Unfortunately, our industrial strawberry plant was not bestowed with miracles. It looks rather sickly after a week of rain and overcast. The corporate garden gnome hasn’t responded to my e-mails or phone calls. Why can’t we just plant real strawberries like normal people? I will not provide an image to support this observation, as I do not want to sully my blog with its rotting leaves. Instead, feast your eyes on these pleasantly striated sliced red onions.

Wednesday, June 9, 2010

After Two Weeks

They said I couldn't grow nonindiginous carnivorous foliage in a humid continental climate, but I proved them wrong. I proved them all wrong.

Sunday, June 6, 2010

The Wisdom of Youth

While de-cluttering my living space I found a drawer of my early journals among the plush snowmen and worn out pairs of sneakers.
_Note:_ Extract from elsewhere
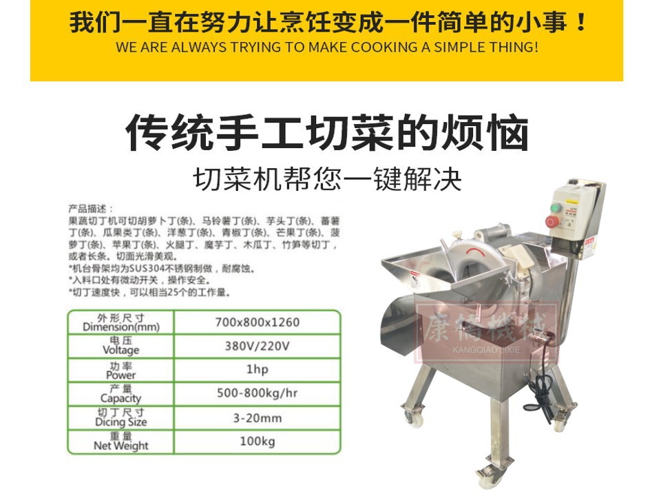 詳細(xì)信息 訂貨號000214 加工定制是 貨號214 種類切丁機(jī) 品牌康橋 型號800 電壓380(V) 功率5(Kw) 外形尺寸1300(mm) 凈重320(Kg) 包裝木架 適用范圍茶餐廳設(shè)備,西餐店設(shè)備 營銷新品 售后服務(wù)365

Sitting cross-legged between a burlap sack of old shoes and a pair of lime green Rollerblades I flipped eagerly through the notebooks discovering early traces of my brilliance. I believe this journal, from 1996, to be a key moment in my personal and professional development. I share my findings here in hopes that my prodigious wisdom will progress mankind as a whole.

February 5, 1996
I ate a Banana a couple of times.

February 6, 1996
I cleaned my rome and I hid it under my bed.

February 7, 1996
I am a happy tooth because I get flost every day.

February 13, 1996
Gess wut song is stuc in my hed
Mow mow mow mow mow mow mow mow mow mow mow mow

February 16, 1996
On vacation, I am going to Mikdonalds.

February 28, 1996
I am a sad tooth because I bo not flos. I bo not brush. I bo not ete good food. I ete candey.

March 4, 1996
Over the weekend I played with Sara. I played with babby sistar Kely. I played with another babby sistar Kely.

March 14, 1996
If I were a kite I would fly the rest of my life.

March 15, 1996
I wish shamrocks were a food.

March 19, 1996
My fren Sara gets happy at me sumtimes.

Merch 21, 1996
If I were a raddit I could hop withowt falling. I could ete caris. I wont haff to ete Foods.

April 15, 1996
If I were the sun I could live in the sky.
I wuod be yellow.
I wuod get very hot.
I could turn into the moon.

April 29, 1996
I throw up.

May 2, 1996
My mother is a special person. She is special to me because she pulls my teeth out.

June 3, 1996
Saras sistr throw a big rock at me.

June 4, 1996
Were going on a feeld trip. I think I’m going to see Bears.

June 27, 1996
I’ve ben akting like a horse.

The second notebook, produced two years later in Mrs. Porter’s third grade class, was from a far less prolific period. I sketched the blueprints of an automatic flyswatter, somewhat resembling a catapult with wheels. I also expressed a desire to own a dog that is half Maltese and half macaroni and cheese.